Real love. None of this seesaw kind of thing, none of that hiding. None of that suppression of what you feel. None of that pretense. None of the masks. None of the feelings that aren’t there. Raw honesty and raw how you are. I don’t mean any other type of love when I say real love. Real love is not experientially poor. Or poor in any other kind of way. Impoverished. Lacking. Voiding. I want none of that, it’s not me. 
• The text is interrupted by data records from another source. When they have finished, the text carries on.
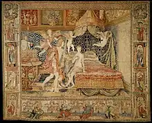Pannemaker was born circa 1510 in Brussels. His father Pieter was head and most famous member of the Pannemaker family tapestry workshop.[2] Trained by Pieter, Willem rose to become the most renowned tapestry weaver in contemporary Europe, many of his pieces being purchased by the Habsburg court during the 1540s and 1560s.[2][3] He derived particular artistic inspiration from the works of Raphael.[1] One of his best-known pieces is the Conquest of Tunis. He died in 1581.[3]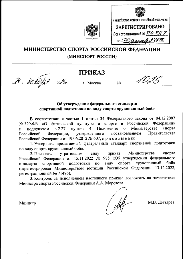 ПРИКАЗ Минспорта РФ от 24.11.2025 N 1026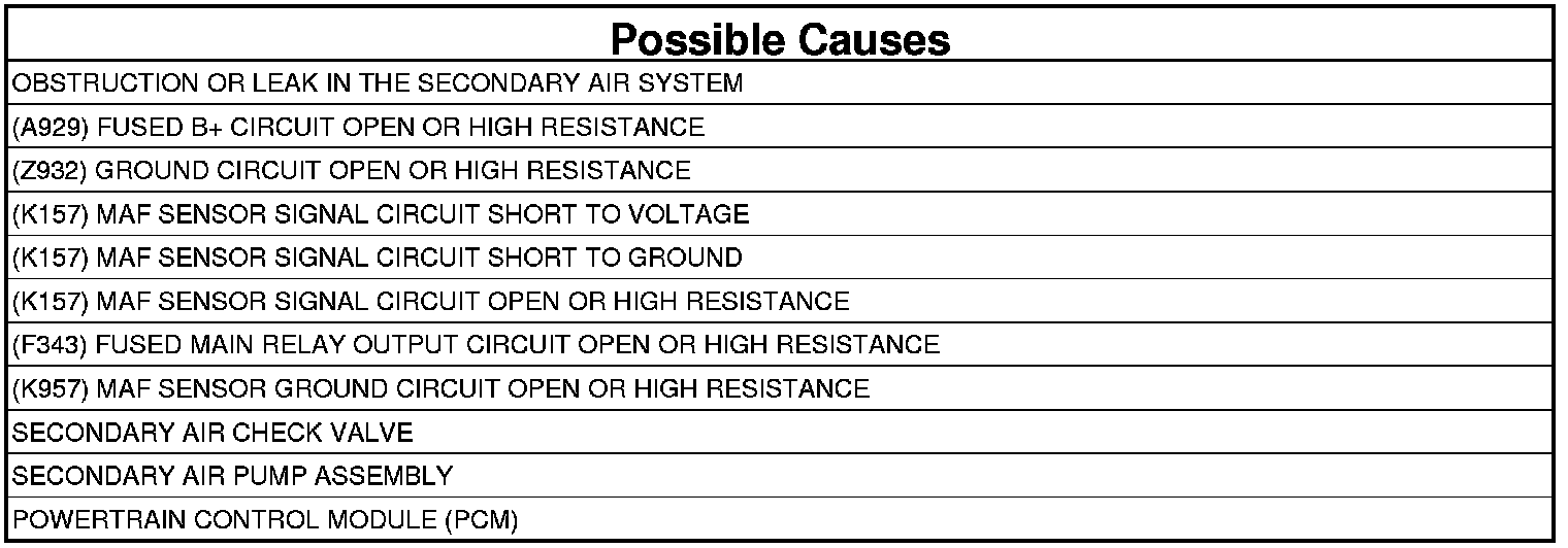 After the diagnostics for Airflow Sensor Rationality (P2431) has passed, while the Secondary Air Pump Relay control is active. Engine Coolant Temperature (ECT) above 0° C (32° F), ambient air temperature within approximately 2 degrees of ECT, and Secondary Airflow diagnostic counter above 100 (approximately 3.0 seconds).
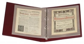 Blätter aus extra stabiler Hartfolie (Außenmaß 210 x 270 mm) für Ganzsachen, Belege und ähnlichem bis ca. 190 x 265 mm. Taschenöffnung oben, 4-Ring-Normlochung 80-80-80 mm Lochabstand.

I suspect that life is easy. You let it flow and you are open instead of succumbing all the time and hurting in distrust. Distrust, discomfort, and if I can say, dis-love, have been the usual experiences of my “original land”. I call it original land even though I can see how it morphs into my present being, where I am right now. You  and not you – that doesn’t exist. In effect, all experiences are interconnected. It’s a beautiful feeling to experience that interconnectivity, to actually feel, and feeling becomes knowledge. But that experience is short-lived and back you go into your habitual territory, into your original land. You have to have strength.  Or you will suffer in that land indefinitely.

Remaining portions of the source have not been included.